Try it:
An exact copy of every entry is required, without the pictures.

Stored data entries:
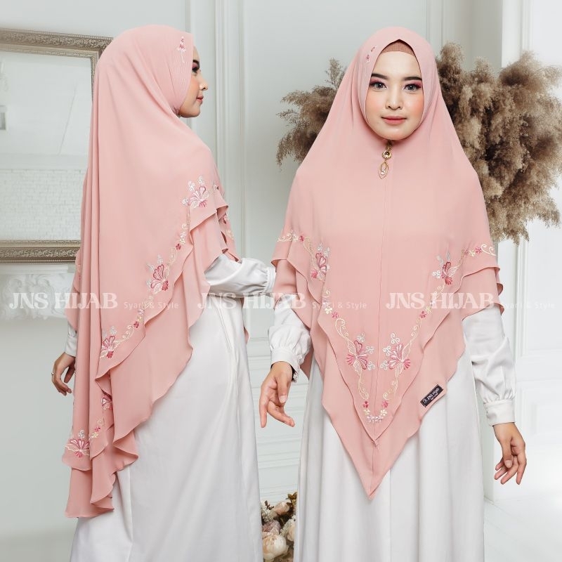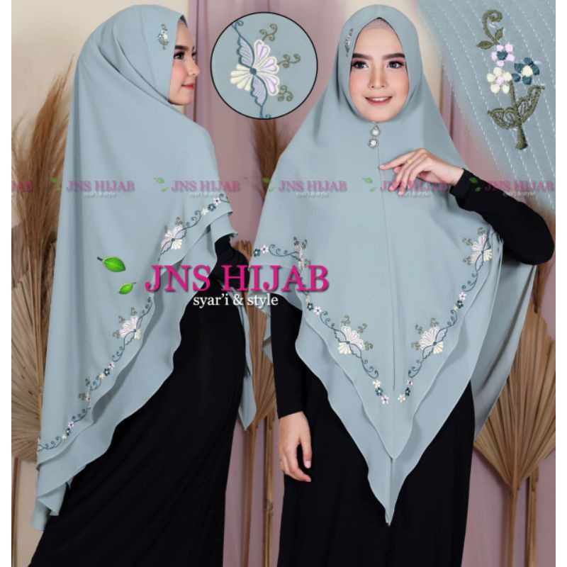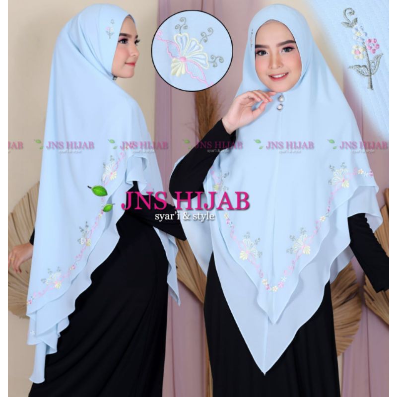 Khimar Syari Full Bordir Hijab Ceruty 2 Layer Kerudung Jumbo Syari Ceruty Babydoll premium Jns Hijab
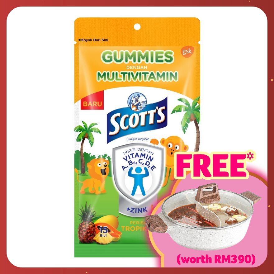 Glucose Syrup, Sugar, Gelatin (Bone from cow, goat, sheep, buffalo and other HALAL animal), Acidity Regulator (Citric Acid, Sodium Citrate), Humectant (Sorbitol), Flavouring substance, Vitamin C, Zinc, Vitamin E, Vitamin B6, Vitamin A, Vitamin D and Colouring substance (FD&C Yellow 5).
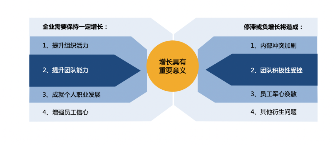 在“增长速度”前面,我用了一个定语“合理的”,任何一个企业,如果没有一定的增长速度,必然就没有活力;一个发展好的、充满活力的企业,一定在某段时间中是保持稳定增长的,它的增长可以不很快,但一定保持增长的趋势,这样企业中优秀的人才才有成长空间,企业的活力才能更好。
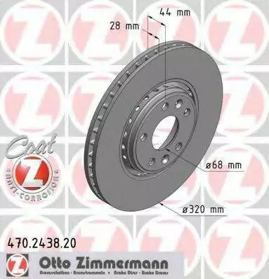 Диск гальмівний Coat Z ZIMMERMANN 470243820 на RENAULT LAGUNA III (BT0/1)
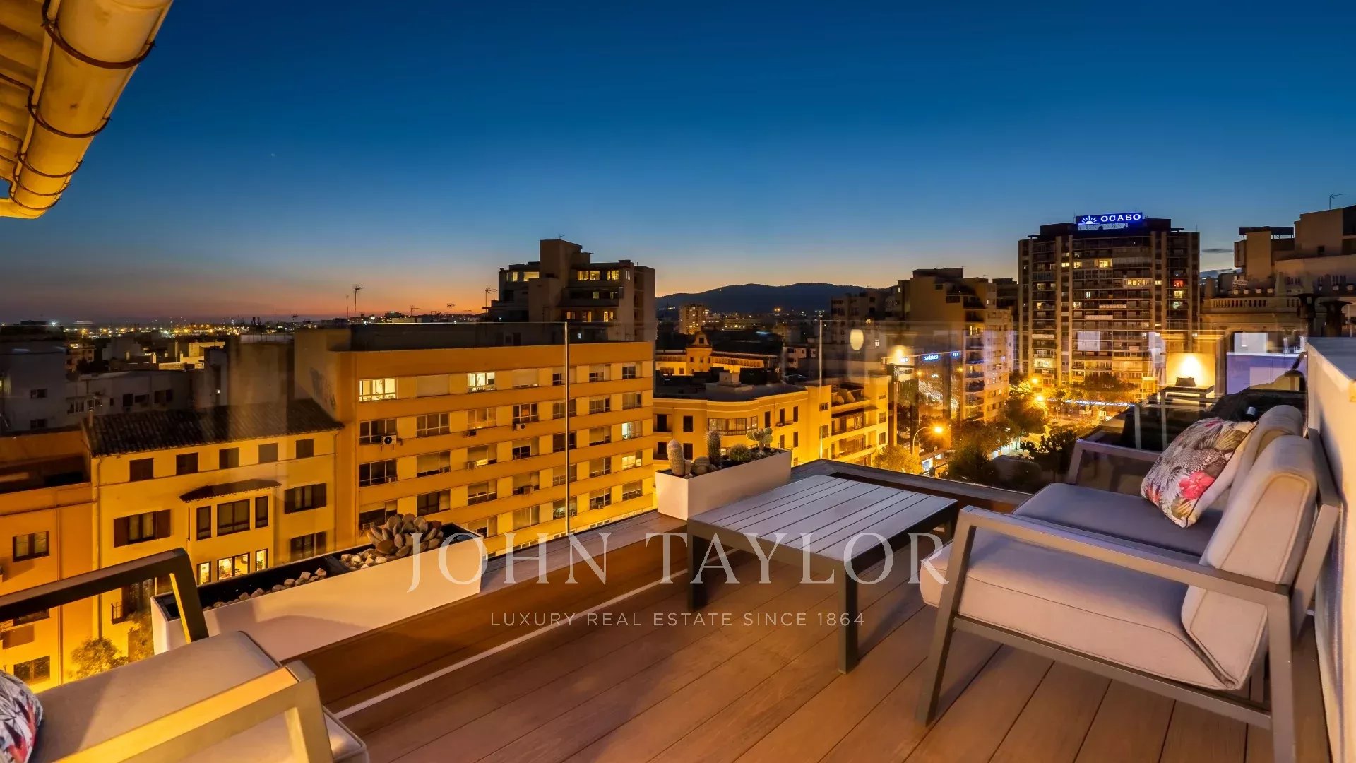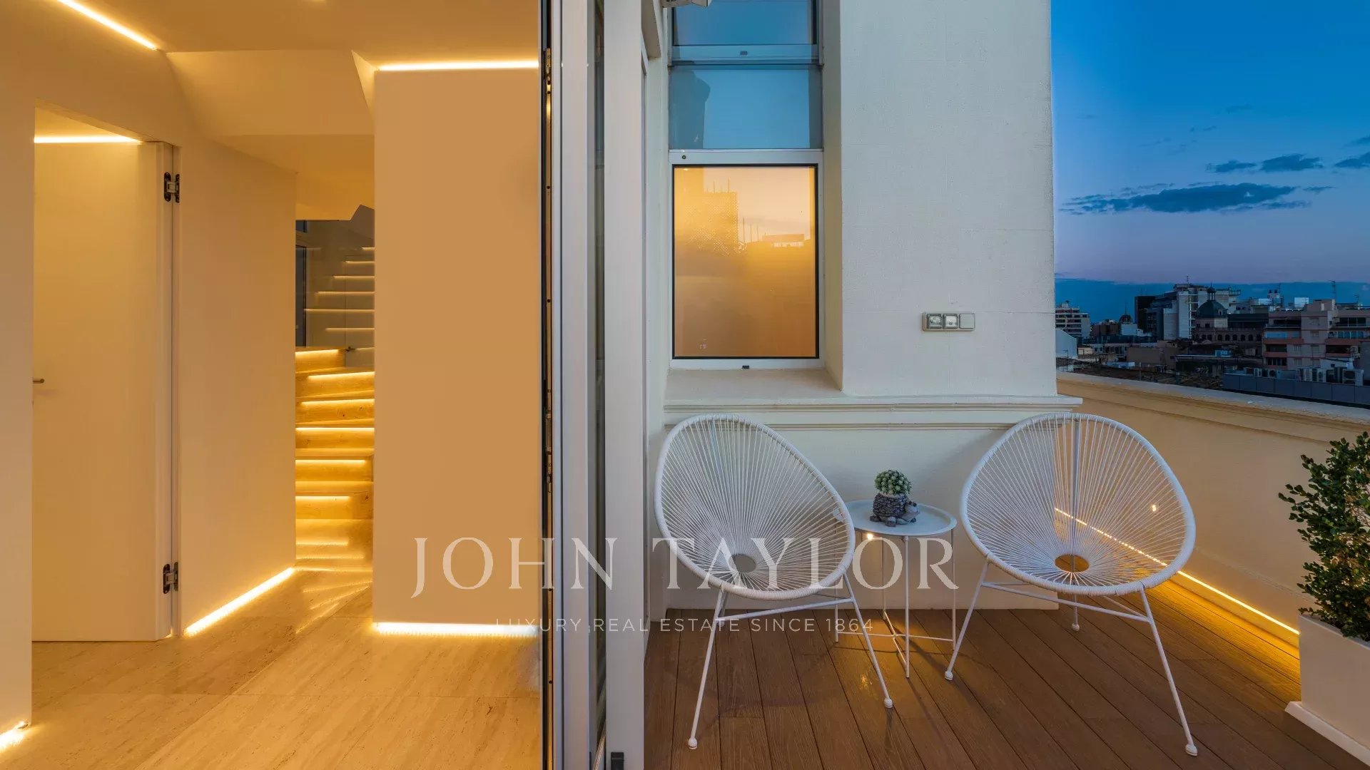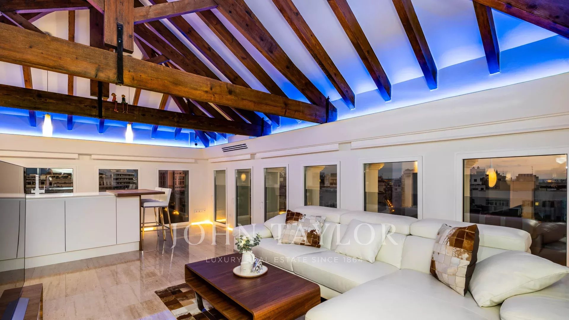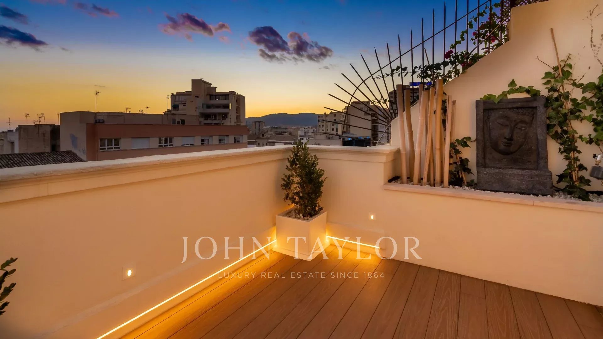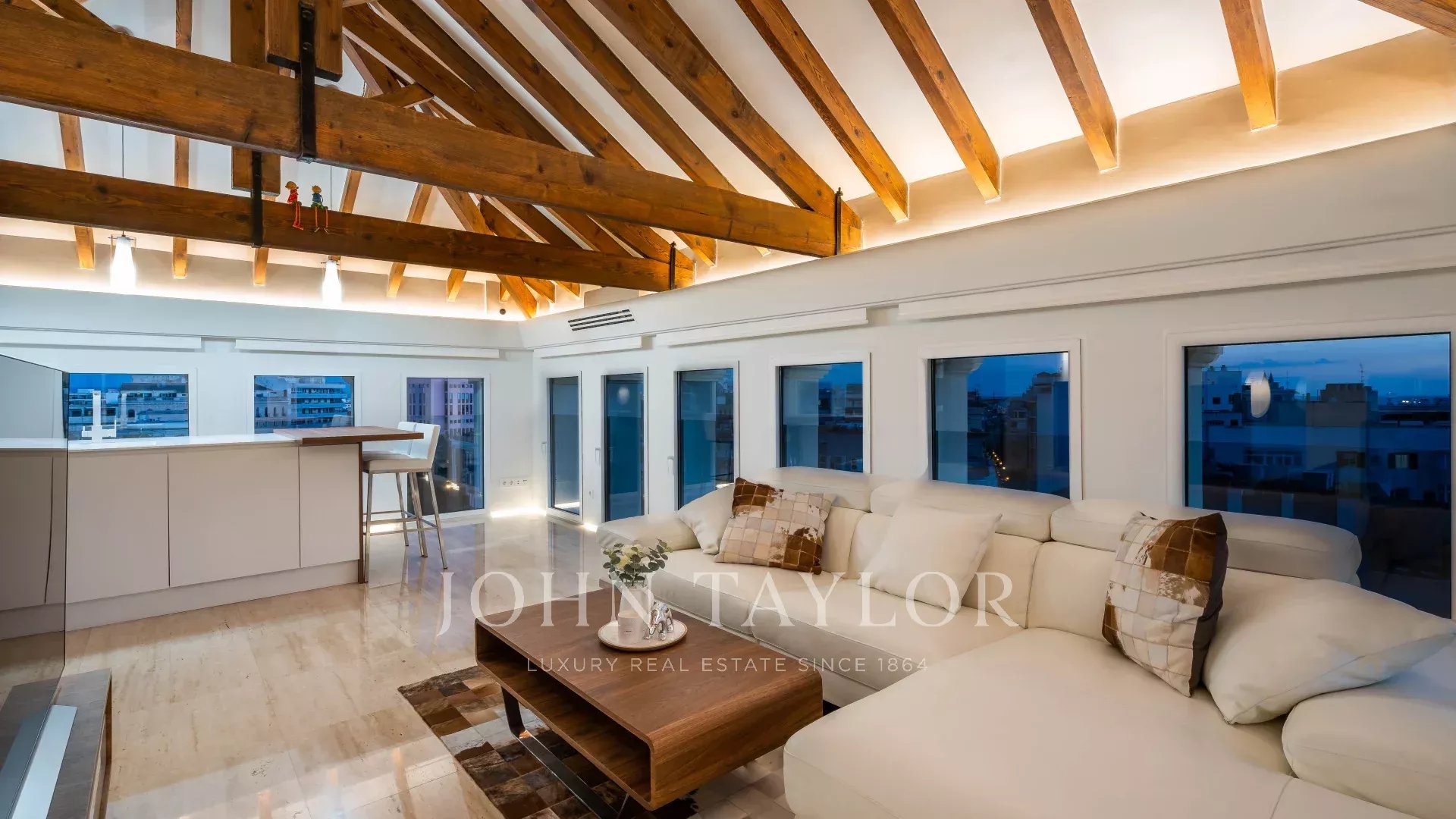 Tento jedinečný mezonetový penthouse prošel v roce 2021 kompletní rekonstrukcí. Stojí na vrcholu jedné z nejvýznamnějších budov na palmské třídě Avenidas a nabízí ohromující výhled na město a na moře. V přízemí jsou dvě ložnice, dvě koupelny, WC pro hosty a přístup na jednu ze dvou teras. V horním patře se nachází kuchyň, obývací a jídelní část s okny s 360° výhledem, dřevěnými trámovými stropy a přímým vstupem na druhou terasu. S podlahovým vytápěním v celém domě, centrální klimatizací a domotickou instalací zajišťuje pohodlí a snadnou správu nemovitosti zobrazení telefonu, ipadu nebo počítače. Nemovitost se prodává plně zařízená a její součástí jsou dvě garážová stání.
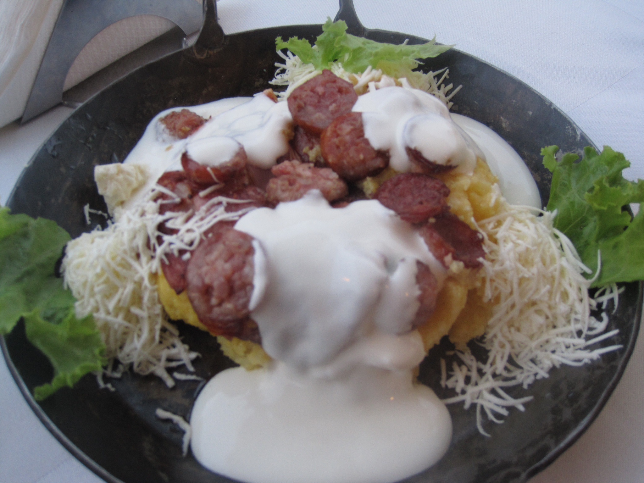 Tonight I had a food win. It seems like all the restaurants in the town only sold pizza, but most people were forgoing food, opting for ice cream instead. It seemed that every eighth person was chowing down on a bizarrely colored ice cream cone. There were at least 30 soft serve ice cream machines pulled out on the cobblestone street selling ice cream for $0.66-$1, depending how much you wanted. I ended up in a place that didn’t list pizza until the last page of the menu and ordered bulz ciobanesc. It was a roasted corn meal mush (kind of like polenta but better then any polenta I have had) and cheese base with lean crispy bacon and sausage on top covered in sour cream and a sharp (non cheddar) cheese. It might have been the richest thing I have ever had to eat. I had to leave most of the sour cream and cheese and my dinner set me back $8.
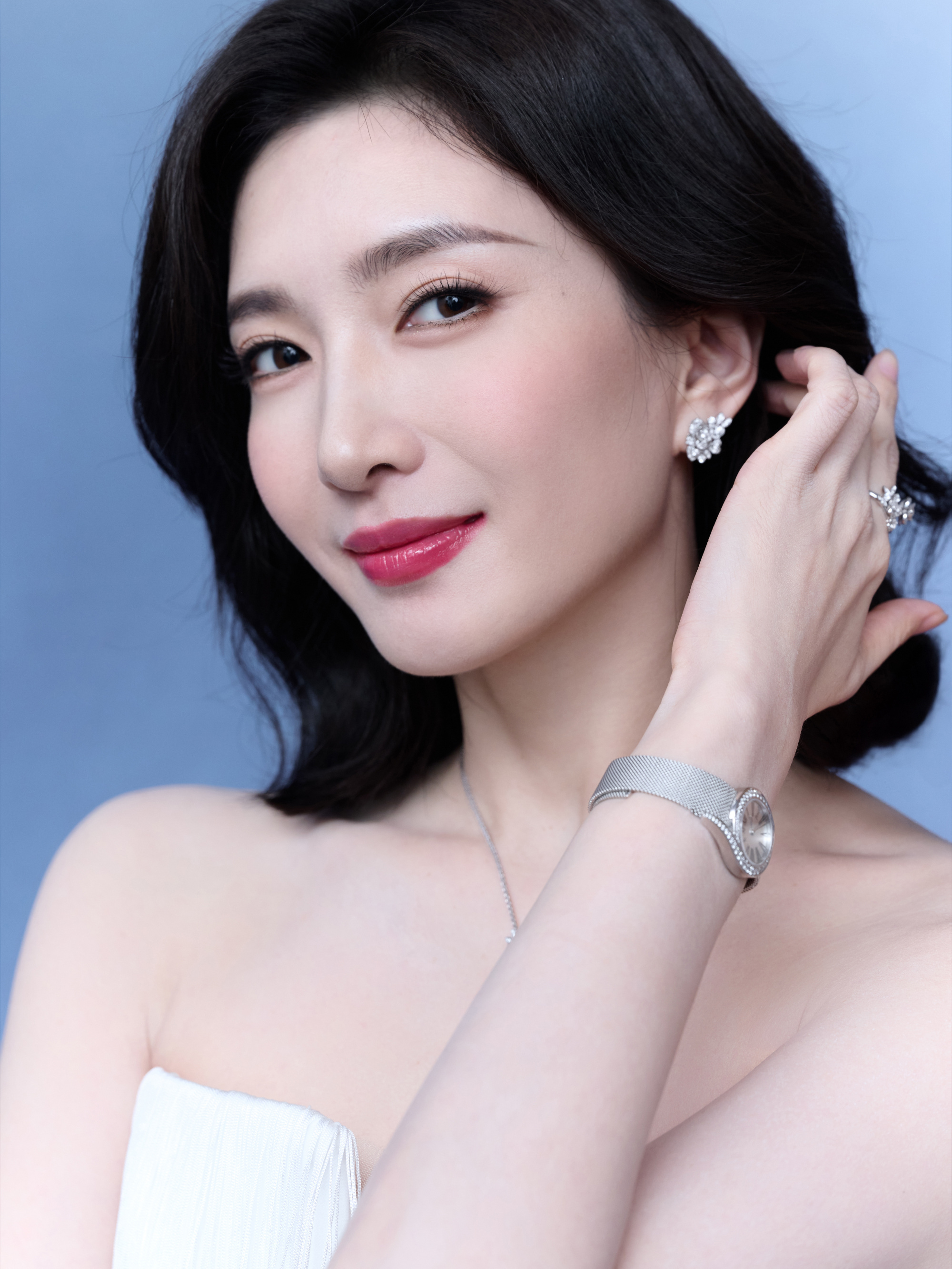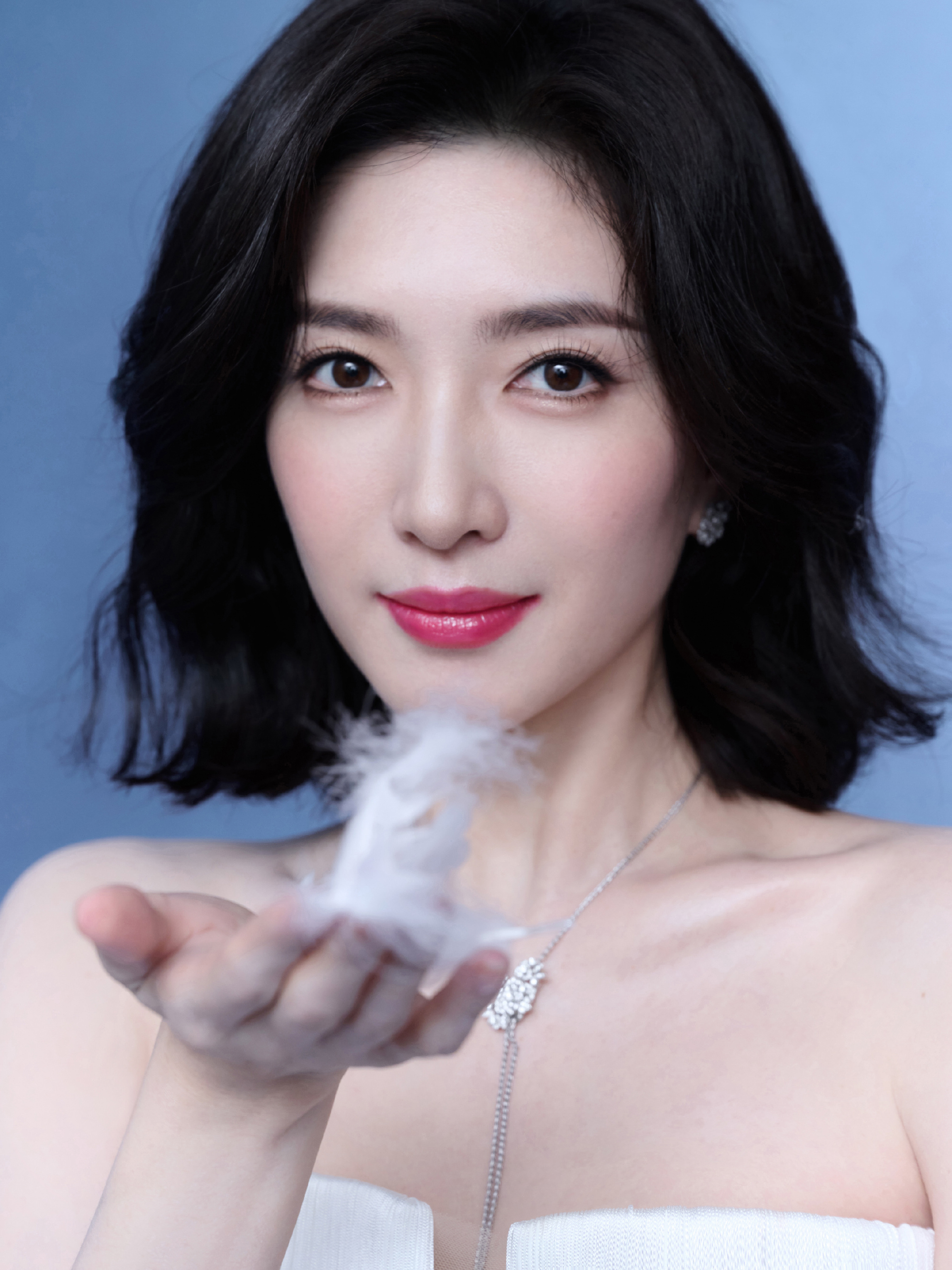 卢昱晓×TATA直播造型Look,一袭纯白抹胸裙装出镜,亭亭玉立,简约纯

Solution for this exercise:
 Khimar Syari Full Bordir Hijab Ceruty 2 Layer Kerudung Jumbo Syari Ceruty Babydoll premium Jns Hijab
 Glucose Syrup, Sugar, Gelatin (Bone from cow, goat, sheep, buffalo and other HALAL animal), Acidity Regulator (Citric Acid, Sodium Citrate), Humectant (Sorbitol), Flavouring substance, Vitamin C, Zinc, Vitamin E, Vitamin B6, Vitamin A, Vitamin D and Colouring substance (FD&C Yellow 5).
 在“增长速度”前面,我用了一个定语“合理的”,任何一个企业,如果没有一定的增长速度,必然就没有活力;一个发展好的、充满活力的企业,一定在某段时间中是保持稳定增长的,它的增长可以不很快,但一定保持增长的趋势,这样企业中优秀的人才才有成长空间,企业的活力才能更好。
 Диск гальмівний Coat Z ZIMMERMANN 470243820 на RENAULT LAGUNA III (BT0/1)
 Tento jedinečný mezonetový penthouse prošel v roce 2021 kompletní rekonstrukcí. Stojí na vrcholu jedné z nejvýznamnějších budov na palmské třídě Avenidas a nabízí ohromující výhled na město a na moře. V přízemí jsou dvě ložnice, dvě koupelny, WC pro hosty a přístup na jednu ze dvou teras. V horním patře se nachází kuchyň, obývací a jídelní část s okny s 360° výhledem, dřevěnými trámovými stropy a přímým vstupem na druhou terasu. S podlahovým vytápěním v celém domě, centrální klimatizací a domotickou instalací zajišťuje pohodlí a snadnou správu nemovitosti zobrazení telefonu, ipadu nebo počítače. Nemovitost se prodává plně zařízená a její součástí jsou dvě garážová stání.
 Tonight I had a food win. It seems like all the restaurants in the town only sold pizza, but most people were forgoing food, opting for ice cream instead. It seemed that every eighth person was chowing down on a bizarrely colored ice cream cone. There were at least 30 soft serve ice cream machines pulled out on the cobblestone street selling ice cream for $0.66-$1, depending how much you wanted. I ended up in a place that didn’t list pizza until the last page of the menu and ordered bulz ciobanesc. It was a roasted corn meal mush (kind of like polenta but better then any polenta I have had) and cheese base with lean crispy bacon and sausage on top covered in sour cream and a sharp (non cheddar) cheese. It might have been the richest thing I have ever had to eat. I had to leave most of the sour cream and cheese and my dinner set me back $8.
 卢昱晓×TATA直播造型Look,一袭纯白抹胸裙装出镜,亭亭玉立,简约纯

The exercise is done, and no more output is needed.